Supplied entries Start Marker

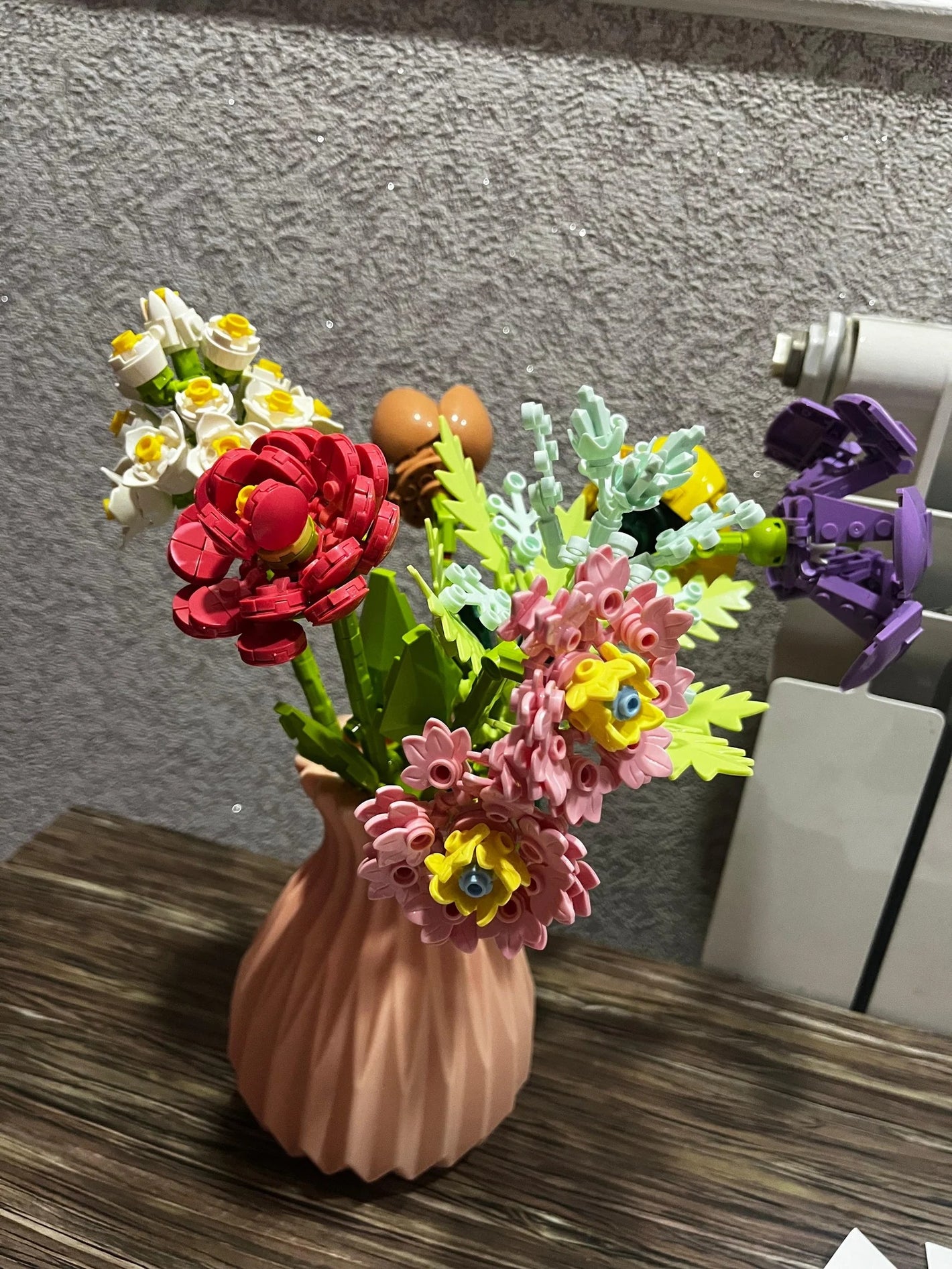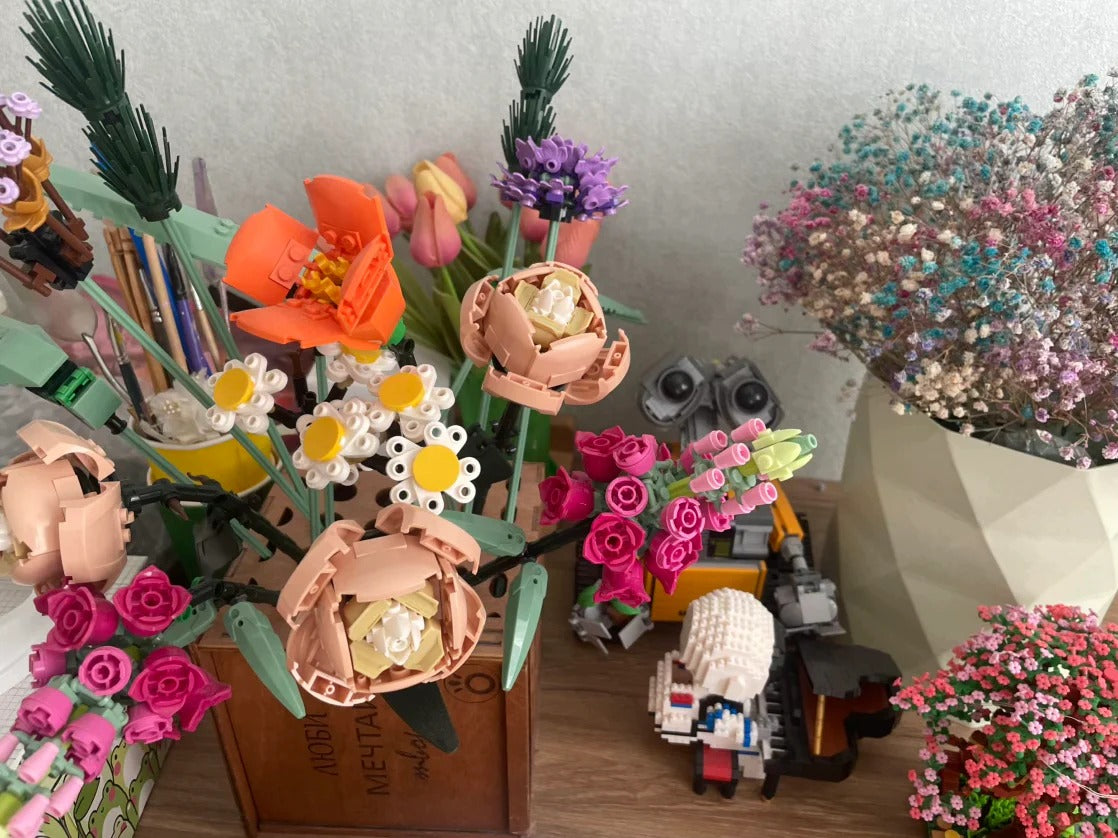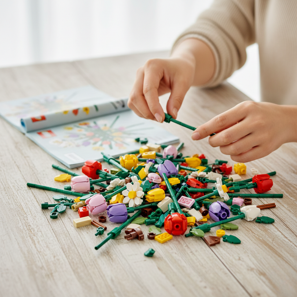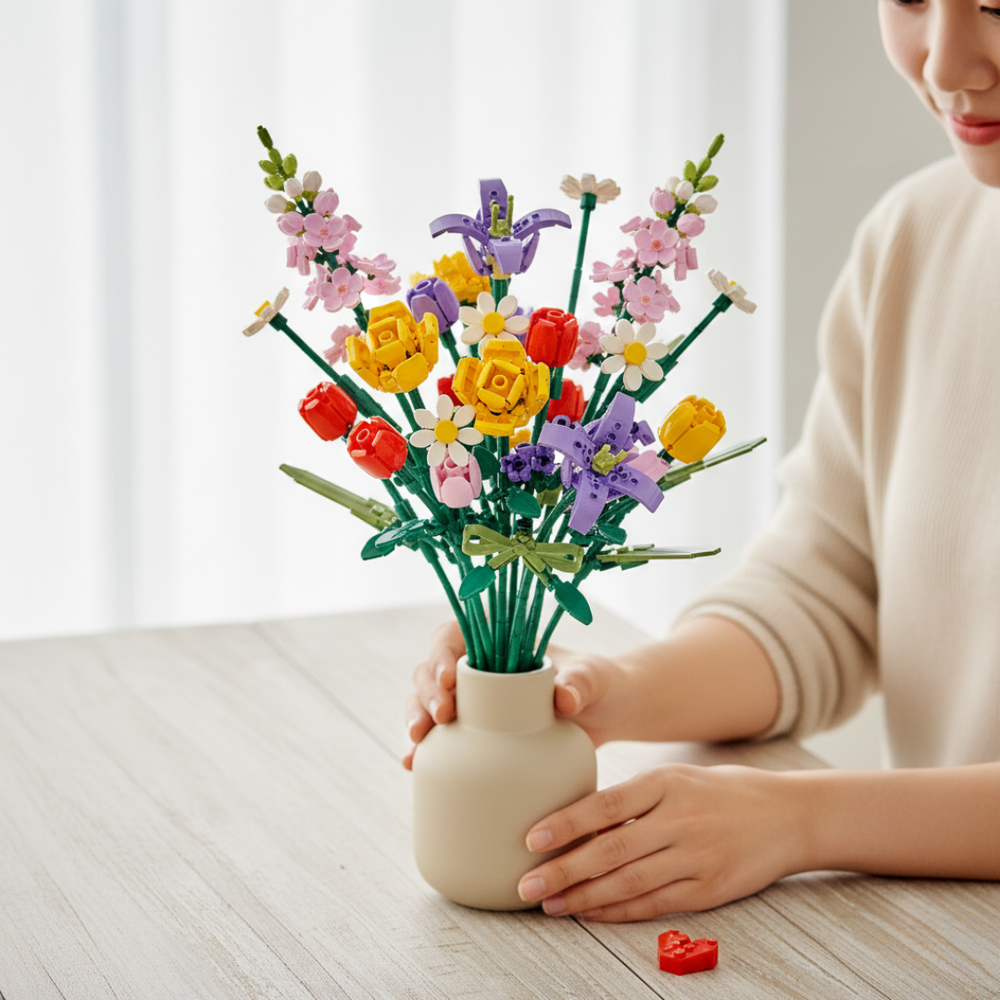 LEGO çiçekleri, tamamen LEGO parçalarından oluşan ve elle birleştirilen dekoratif çiçek setleridir. Gerçek çiçeklerin estetiğini kalıcı bir sanat eserine dönüştürürler. Her parça tek tek monte edilir, böylece sonunda eşsiz ve solmayan bir buket ortaya çıkar.
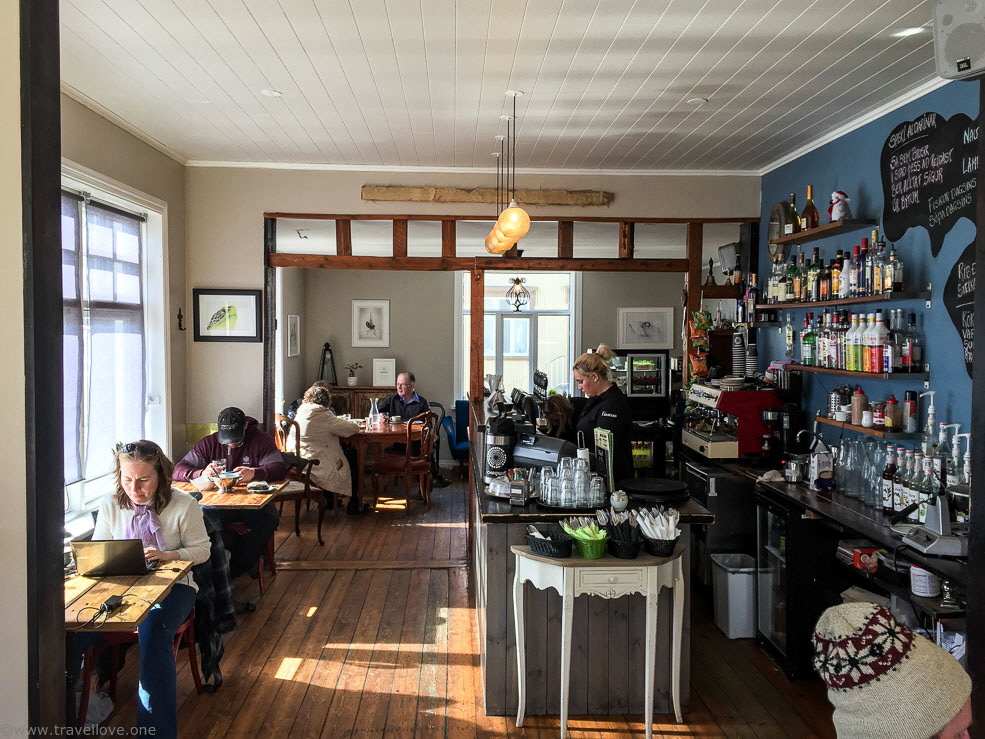 But Isafjördur was also deserted and due to the Pentecost holiday, all shops and most of the cafés were closed. However, we managed to find one. It was rather quaint and attended by guests from the ship and young locals alike. Some locals were talking, others just sat there drinking coffee and knitting.
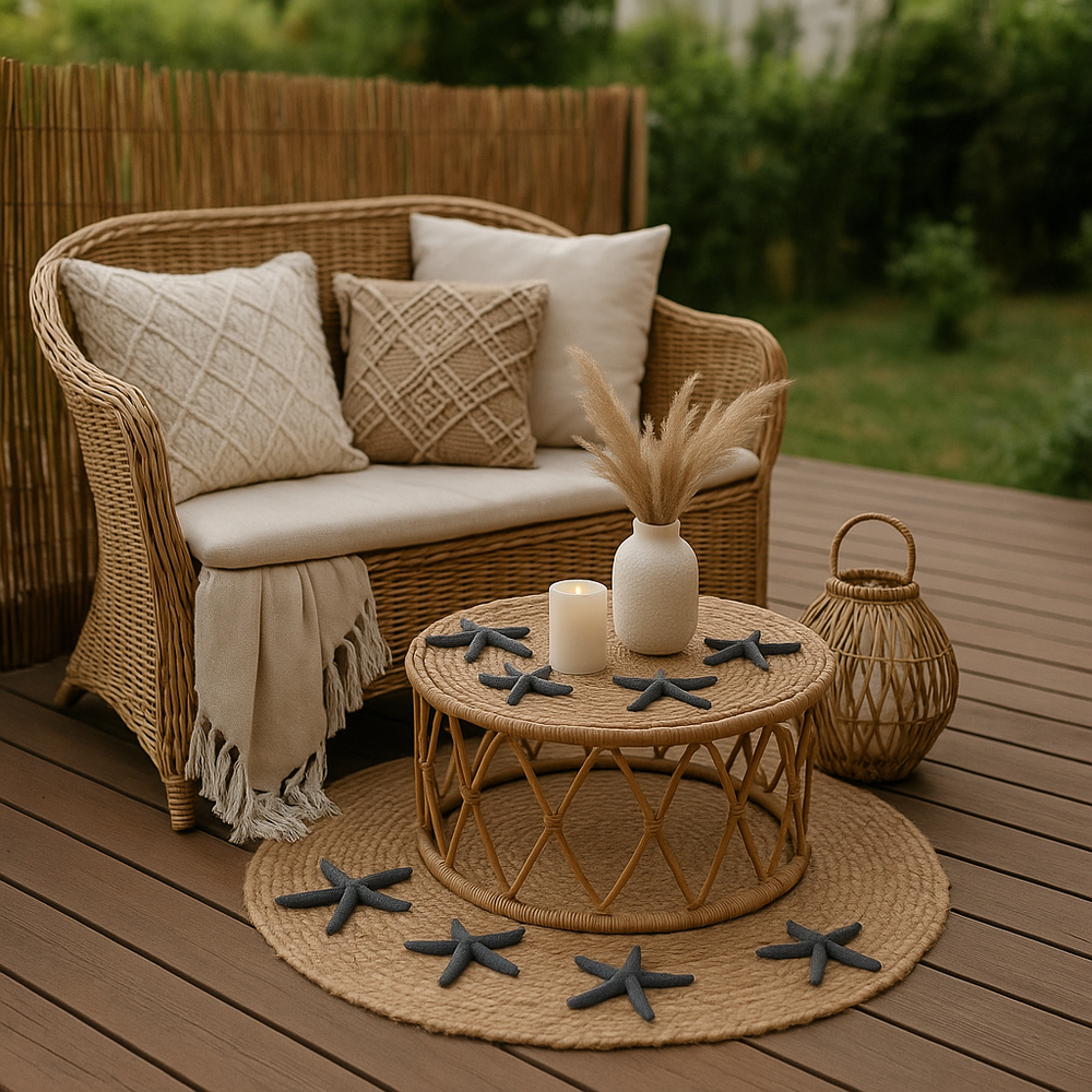 Dekoracje balkonowe i tarasowe – wkomponuj je w naturalne kompozycje z roślinami, lampionami i wikliną.
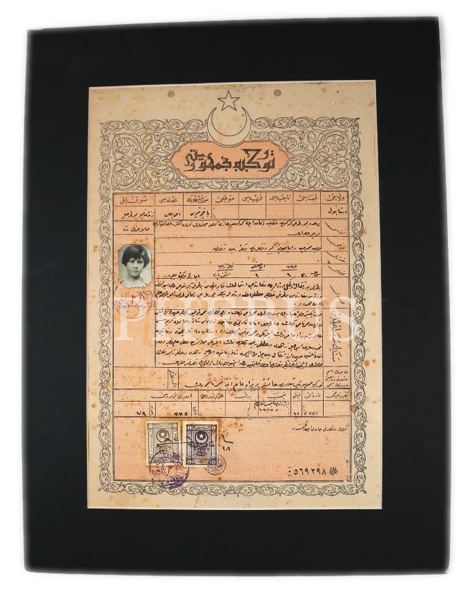 Osmanlıca Türkiye Cumhuriyeti antetli fotoğraflı tapu senedi, Harameyn-i Muhteremeyn ve Ayasofya-ı Kebir vakıflarından, İstanbul 1926, 22x32 cm
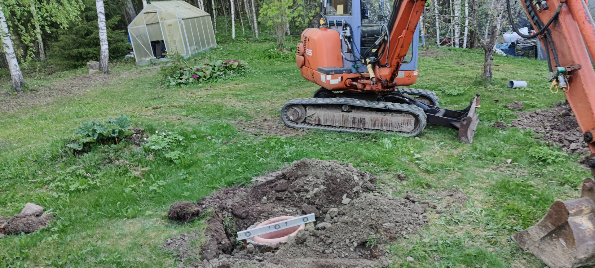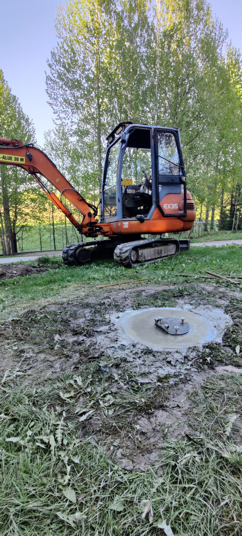 Eilinen meni suurelta osin pitkään käyttämättömän betonimyllyn laakerin elvyttämiseen, sitten vanhoja jarrulevyjä hitsailin kierretankoihin ja vähän harjaterästäkin 500x1000 mm betonirumpuputkeen, joka kuoppaan pystyyn - 140 litraa kuraa päälle.

Supplied entries End Marker

> **Task objective**
Leave the pictures out. Transcribe exactly the lines from the one with "Osmanlıca Türkiye Cumhuriyeti" through the end of the records.

> **Answer space**
 Osmanlıca Türkiye Cumhuriyeti antetli fotoğraflı tapu senedi, Harameyn-i Muhteremeyn ve Ayasofya-ı Kebir vakıflarından, İstanbul 1926, 22x32 cm
 Eilinen meni suurelta osin pitkään käyttämättömän betonimyllyn laakerin elvyttämiseen, sitten vanhoja jarrulevyjä hitsailin kierretankoihin ja vähän harjaterästäkin 500x1000 mm betonirumpuputkeen, joka kuoppaan pystyyn - 140 litraa kuraa päälle.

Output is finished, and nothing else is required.